Early Years Foundation Stage

The Early Years Foundation Stage (EYFS) is the time in your child’s life between birth and age 5.

This is a very important stage as it helps your child get ready for school as well as preparing them for their future learning and successes. From when your child is born up until the age of 5, their early years experience should be happy, active, exciting, fun and secure; and support their development, care and learning needs.
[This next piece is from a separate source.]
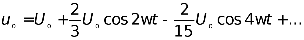 Как видно из рис. 2.1,в,выпрямленное напряжение имеет пульсирующий характер. Разложение такой периодической функции в ряд Фурье показывает, что она состоит из суммы постоянной составляющей(U)и четных гармонических составляющих, т.е.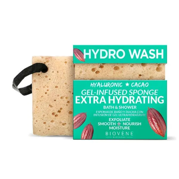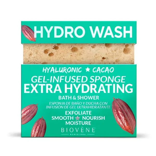 Esponja de baño y ducha multifuncional ultrahidratante infundida con ácido hialurónico intensamente hidratante, cacao y aceite de semilla de uva que nutre, exfolia y suaviza la piel al instante.

Nurseries, pre-schools, reception classes and childminders registered to deliver the EYFS must follow a legal document called the Early Years Foundation Stage Framework.

It sets out:

  •  The legal welfare requirements that everyone registered to look after children must follow to keep your child safe and promote their welfare
  • The 7 areas of learning and development guide professionals’ engagement with your child’s play and activities as they learn new skills and knowledge
  • Assessments that will tell you about your child’s progress through the EYFS
  • Expected levels that your child should reach at age 5, usually the end of the reception year; these expectations are called the “Early Learning Goals (ELGs)”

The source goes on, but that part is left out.